To Vaccinate or Not to Vaccinate: What is the Difference?


Teela Robertson

When I got my Covid-19 vaccination shot, I thought that was it for me. I figured that since I got the shot, I would be fine and wouldn’t get the virus as long as I didn’t do anything to directly put me in contact with it. However, I was sorely mistaken. After just being around someone (and not that close around either) who got covid, I also got covid. I could maybe understand if I got it and had just very mild symptoms, but what I can not understand is feeling as sick and miserable as I did even with the shot. I was under the impression that the vaccine would either prevent or lower the effects of Covid 19. However, it didn’t seem to do either of those!

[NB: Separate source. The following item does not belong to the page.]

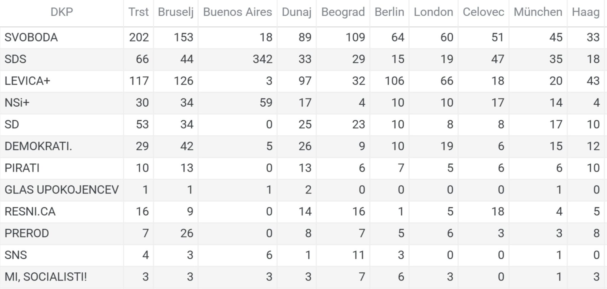 Zadnji glasovi: Svoboda je zmagala v Bruslju in Beogradu, SDS v Buenos Airesu in Torontu, Levica v Berlinu in Londonu

When I went to the doctor, they took one look at me and told me to wait in the car until they could test whether I did actually have covid. Surprise, surprise, I had covid. They said I had to be quarantined and basically isolated for five days. If I wasn’t being miserably sick, I was sleeping the day away. It was awful, it didn’t seem that the vaccine helped me in any way. If the government is trying to push for mandatory vaccinations, then I want to ask them “What good would getting the vaccine do?”. There are so many new variants of covid-19 that the one vaccine that the government is pushing won’t be very effective against them all. For example, there’s the new strand of covid called omicron that is on the rise. It is affecting people left and right, whether they got the vaccine or not. However, since this is a new variant, the current vaccine is not effective against it. With the new variants taking over, what’s the old vaccine doing to stop them?
I’m not the only person who feels this way. I’ve talked to many people who, like me, have had the vaccine yet still got covid. Almost all of them said they had severe symptoms and didn’t feel that the vaccine helped them at all. I’ve seen posts, articles, stories, and reviews from people who have gotten the vaccine and still got a severe case of covid-19. If it was only a few people who still got covid after getting vaccinated then I wouldn’t think too much about it. However, this many people experiencing the same thing raises questions about the usefulness of the vaccine. Will mandating the vaccine help at all? How is the vaccine helpful to people? Does it work against all the new variants or just the original version?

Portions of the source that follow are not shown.